Successful dengue control is reliant upon integrated and cross-disciplinary approaches, including collaboration across entomology and vector-control, epidemiology, case management, community engagement etc. A growing body of research has been looking at the benefits of social and ethnographic considerations, particularly to highlight the relationship between nature, society and health, and has been applying this in order to provide a better understanding of how communities in dengue-endemic areas are both affected by disease outbreaks and can be encouraged to prevent or curtail transmission.
Recent research in Brazil using an EcoHealth approach has been studying social and environmental dynamics and their impact on dengue infections in the capital of the State of Ceará, Fortaleza, where the study highlighted that a large part of the population (about 20%) is living in unsuitable housing with unsafe water and sanitation and a substantial waste and garbage problem, providing plenty of opportunities for disease-carrying mosquitoes to breed. In addition, this study from the Universidade Estadual do Ceará also confirmed that dengue infections were affecting women disproportionately. An important reason for which women's health was identified as more vulnerable to dengue infections was the fact that the dengue vector is an urban and domestic vector, with intra-household and peridomicile habits, and the observation that women were traditionally more likely to be responsible for homecare, including being in direct vicinity of breeding grounds.

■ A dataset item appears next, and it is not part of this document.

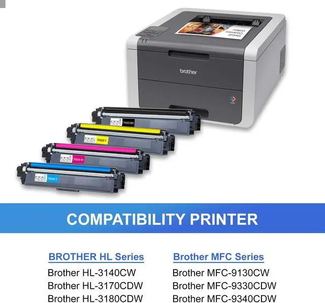 Arthur Imaging Compatible Toner Cartridge Replacement for Brother TN221, TN225, TN225, TN225 (2 Black, Cyan, Yellow, Magenta, 5-Pack) is to perform with your Brother laser printer. It replaces the original Brother TN221/TN225 laser toner cartridge, and can be used in the following Brother Printers: HL Printers: HL-3140W, HL-3170CDW MFC Multifunction Printers: MFC-9130CW, MFC-9330CDW, MFC-9340CDW This is not a remanufactured cartridge and it was not manufactured by Brother. Our compatible replacement 221/225 laser toner cartridge is specially engineered to meet the highest standards of quality and reliability. Our 221/225 toner page yield meets or exceeds OEM (Original Equipment Manufacturer) page yield for the Brother TN221/TN225 and offers high-quality printing results. The use of Arthur Imaging compatible replacement laser toner cartridges and supplies does not void your printer's warranty. We offer a 100% Quality Satisfaction on our Arthur Imaging compatible 221/225 laser toner cartridges and supplies.

Poor neighborhood in the suburbs of Fortaleza, Brazil
According to this research, a focus on improving municipal and individual waste-disposal systems and habits, and targeting women as both high-risk for dengue infections as well as key participants for the destruction of breeding grounds should be prioritised as strategies for improving dengue control. Community engagement efforts should be aimed at women but women's efforts, however, could in turn be compromised by work and social obligations, as well as political and social inequality represented, for example, by unsuitable or inexistent waste disposal systems in the most deprived areas.
The bio-social approach underpinning such research is crucial in developing a sound understanding of disease dynamics and also in informing prevention strategies in-line with community habits and characteristics. Successful systemic approaches to the control of vector-borne diseases should seek to include insights from vector biology, behaviour and control, but also a broader context from ecology, the environment as well as political and economic factors where potential patients live.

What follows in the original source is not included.